TASK GOAL
A faithful copy is needed of the lines below from the one with "Промт для игрового" up to and including the one with "Damska enstyckade baddräkter"; set it down with no pictures and no other lines.

RECORDS TO USE

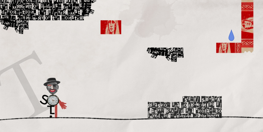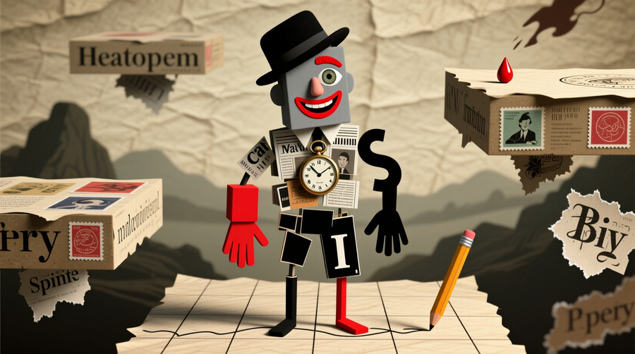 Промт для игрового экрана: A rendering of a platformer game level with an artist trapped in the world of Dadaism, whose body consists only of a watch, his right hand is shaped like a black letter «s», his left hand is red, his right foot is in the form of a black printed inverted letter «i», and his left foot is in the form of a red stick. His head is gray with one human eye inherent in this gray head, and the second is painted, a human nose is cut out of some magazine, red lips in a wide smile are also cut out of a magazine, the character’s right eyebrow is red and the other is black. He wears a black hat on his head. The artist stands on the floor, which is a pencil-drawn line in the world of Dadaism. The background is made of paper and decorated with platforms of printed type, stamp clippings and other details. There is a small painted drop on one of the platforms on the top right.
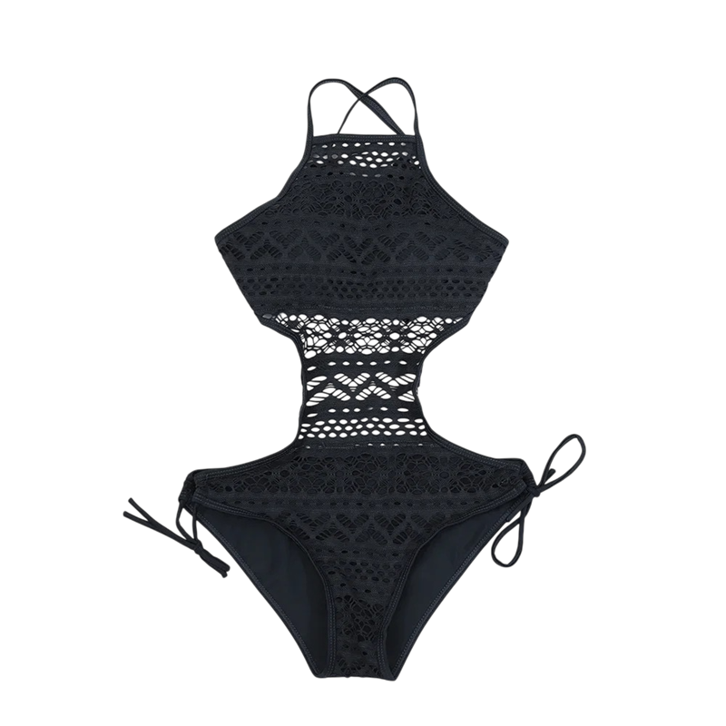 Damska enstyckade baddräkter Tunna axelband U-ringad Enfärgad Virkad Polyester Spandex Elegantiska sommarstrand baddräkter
--
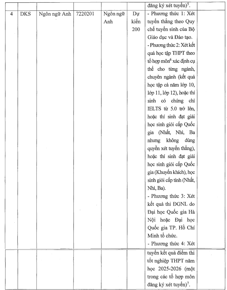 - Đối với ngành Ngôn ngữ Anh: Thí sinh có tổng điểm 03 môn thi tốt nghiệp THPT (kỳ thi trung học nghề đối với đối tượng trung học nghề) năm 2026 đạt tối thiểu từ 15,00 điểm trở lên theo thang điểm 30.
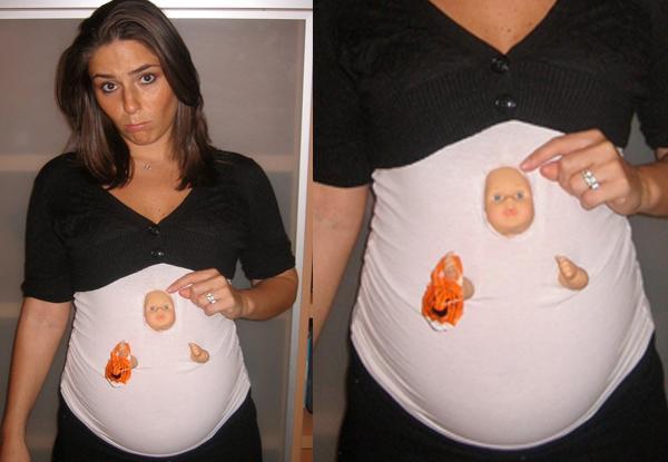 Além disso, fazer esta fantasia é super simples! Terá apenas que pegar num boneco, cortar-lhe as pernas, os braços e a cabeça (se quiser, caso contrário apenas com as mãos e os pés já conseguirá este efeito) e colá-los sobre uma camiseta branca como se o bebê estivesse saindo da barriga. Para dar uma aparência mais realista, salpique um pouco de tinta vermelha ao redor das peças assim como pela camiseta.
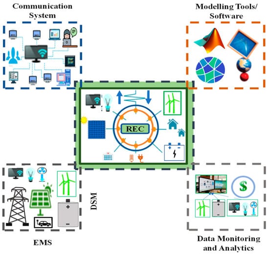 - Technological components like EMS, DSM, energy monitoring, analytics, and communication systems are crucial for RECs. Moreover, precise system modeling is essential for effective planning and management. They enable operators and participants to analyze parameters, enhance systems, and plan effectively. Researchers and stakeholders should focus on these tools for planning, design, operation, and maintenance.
* * *
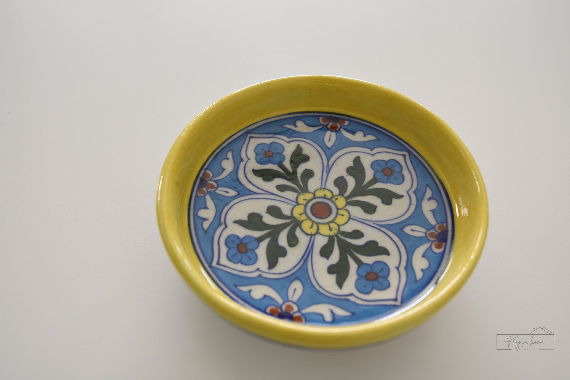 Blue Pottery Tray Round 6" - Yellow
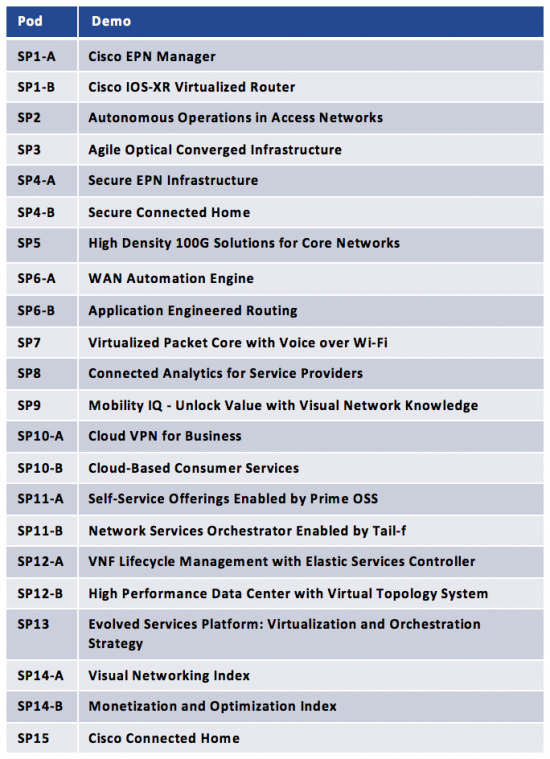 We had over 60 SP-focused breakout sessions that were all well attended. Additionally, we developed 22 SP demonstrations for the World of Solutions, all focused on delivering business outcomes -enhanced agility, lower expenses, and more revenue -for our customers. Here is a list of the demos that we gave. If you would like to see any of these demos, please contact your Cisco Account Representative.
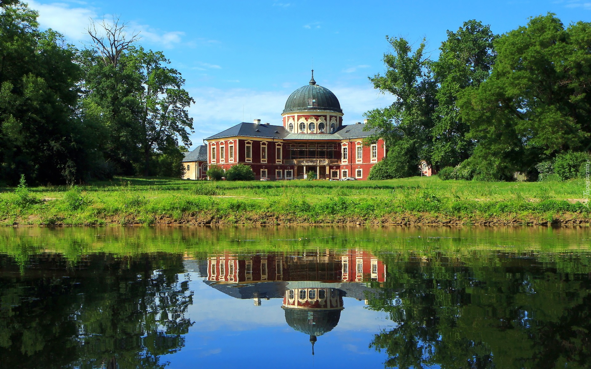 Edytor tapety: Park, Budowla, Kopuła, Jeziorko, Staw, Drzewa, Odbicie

SOLVED PROBLEM
 Промт для игрового экрана: A rendering of a platformer game level with an artist trapped in the world of Dadaism, whose body consists only of a watch, his right hand is shaped like a black letter «s», his left hand is red, his right foot is in the form of a black printed inverted letter «i», and his left foot is in the form of a red stick. His head is gray with one human eye inherent in this gray head, and the second is painted, a human nose is cut out of some magazine, red lips in a wide smile are also cut out of a magazine, the character’s right eyebrow is red and the other is black. He wears a black hat on his head. The artist stands on the floor, which is a pencil-drawn line in the world of Dadaism. The background is made of paper and decorated with platforms of printed type, stamp clippings and other details. There is a small painted drop on one of the platforms on the top right.
 Damska enstyckade baddräkter Tunna axelband U-ringad Enfärgad Virkad Polyester Spandex Elegantiska sommarstrand baddräkter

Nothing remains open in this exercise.